To study the distributions we want to make **violin plots** of variables, i.e. data columns, that are numeric and **histograms** of the variables that are strings/categorical.

To check for the data type of a column, have a look at how data types are specified in `dataframe.dtypes`. Then check the data type of each column. Remember a column is a **pandas `Series`**, so it has a `dtype` attribute instead (only dataframes have `dtypes`!).

You can start by figuring out how to make a plot of the data in one column. Once you have that, make one plot for each column that is numeric or a string (except the outcome). This is a repetitive task, so it is ideally suited for a loop. Remember to use `fig.show()` to actually display your plots during the loop.

**Pro version**: Some columns are not actually explanatory variables, such as a the ID column. You can identify these columns i.e. by seeing that each of their values is unique (this would be very unlikely for a measured variable). Skip them when making the plots.


### 2.2 Correlation coefficients

Plot the correlation coefficients of all numerical features:

1. Use the method `corr()` on the dataframe. What is the result?

2. Now use a heatmap to show the correlation coeffcients graphically.

3. Try some different options to make your heatmap look nicer.

### 2.3 Scatter plot

Make a scatter plot of the two variables with the highest correlation. Divide the plots by the outcome variable and add marginal plots and a trendline:

1. Find the pair of variables that has the highest correlation with each other and make a scatter plot of them.
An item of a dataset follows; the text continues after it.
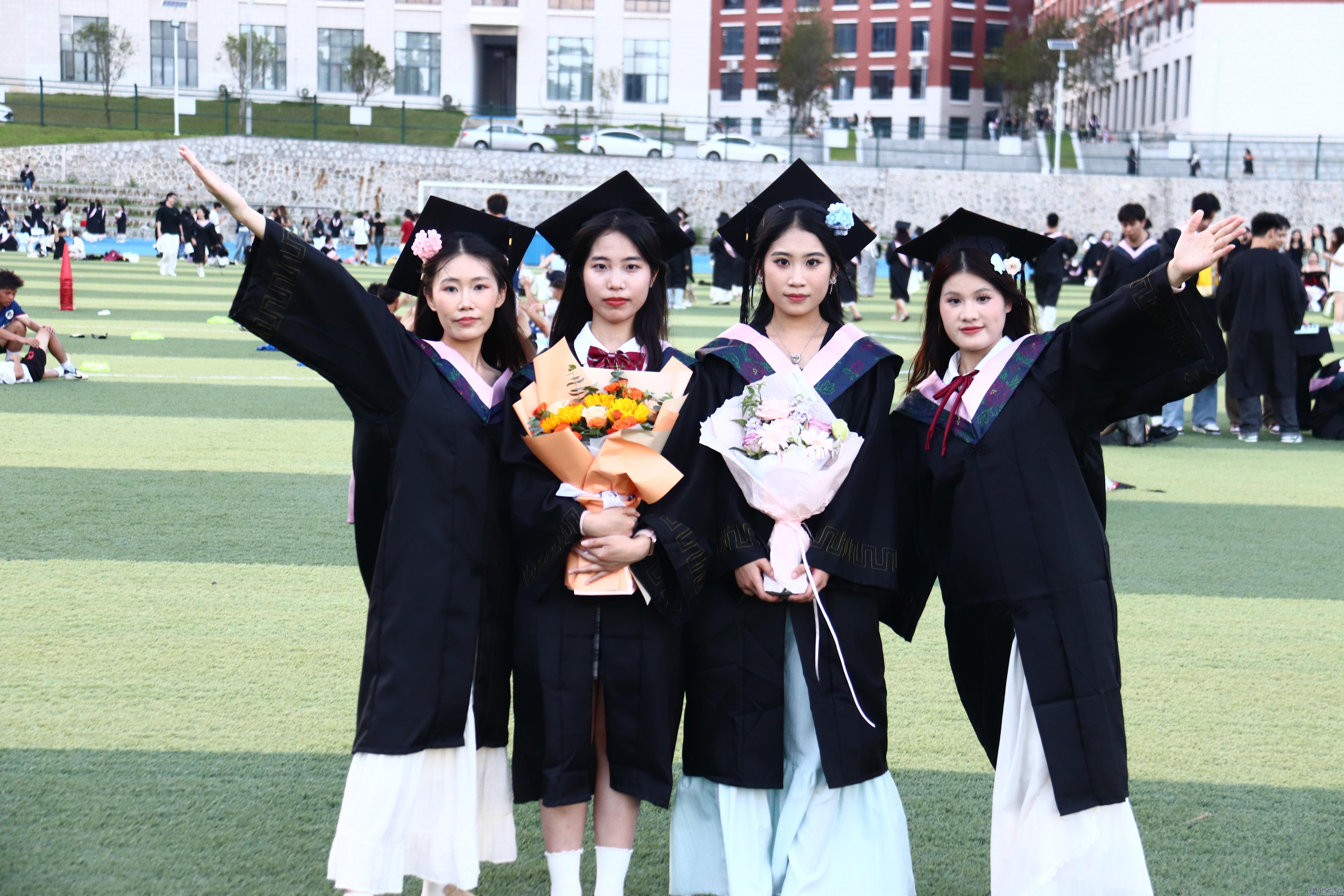 始于金秋,终于盛夏,四年征途,今朝抵达终点。校园长廊、操场、教学楼前,毕业生们身着学士服摆着创意造型,聆听着老师们的亲切叮嘱,此刻,师生情、同窗情变得具象化,在这里的每一个瞬间都是青春的碎片,都将被镜头一一定格。毕业并非终点,而是一场新征程的开端,他们将怀揣着梦想,继续奔赴下一趟山海。

2. Divide the scatter plot into two by the outcome variable. Have a look at ``facet`` and the visualization lecture if you have trouble.

3. Add marginal distributions and a trendline.

## 3. Data cleaning

Now, we switch the [cirrhosis dataset]('https://raw.githubusercontent.com/Center-for-Health-Data-Science/PythonTsunami/spring2022/Exercise/datasets/cirrhosis.csv').

We will investigate what data is missing and try to impute it.

A word of caution:

Note that imputation is a __complex subject__ and whether it makes sense to do it and the method used highly depend on the data set. Sometimes, the mean of a value across all non-missing observations is a good approximation for the missing value. On the other hand, if you have a column that says whether or not the person was treated with the drug or the placebo we have no good way to guess which treatment the person received. Replacing missing values in this column with the most common value (which is that they did get the drug) will produce extremely __wrong data__ and lead you to __wrong conclusions__. Do not do that!


### 3.0 Load the data

Load in the cirrhosis dataset using one of the two methods you used earlier for the stroke data. Change as well the outcome variable to a type "category".

### 3.1 Missing data

1. Use the pandas method `isnull`.

2. Get the number of missing values per column by calling `sum()` on the result of `isnull`. Which features, i.e. columns have missing values?

3. Make a barplot that shows the number of missing values per column.


### 3.2 Omitting observations with missing values

1. Create a subset in which you omit all patients, i.e. rows, which have missing values in any column. Take care to not overwrite the original dataframe. If you did, you can re-import it.

2. How many observations, i.e. patients, would you be left with if you removed all missing values?

3. How many if you only omit patients where the outcome is missing?


### 3.3 Effects of removing data

We can now have a look at how removing nans effects the data.


1. First, plot the correlation coefficient between all numerical columns in the original cirrhosis dataframe. (Analogous to 2.2).

2. Now, remake the plot for the subset where you have removed all rows with any missing data. Have the correlations changed?

### 3.4 Imputation

Use the method `fillna()` to impute missing values in the columns **where it makes sense**. Have a look at the documentation: https://pandas.pydata.org/pandas-docs/stable/reference/api/pandas.DataFrame.fillna.html

1. A good way to impute numerical data can be i.e. the mean or median. Calculate the mean for all numerical columns.

2. Perform the imputation.

3. Re-make the barplot from 3.1. to check that it worked.

4. Recalculate correlation coefficients between all numerical columns and show it in a heatmap.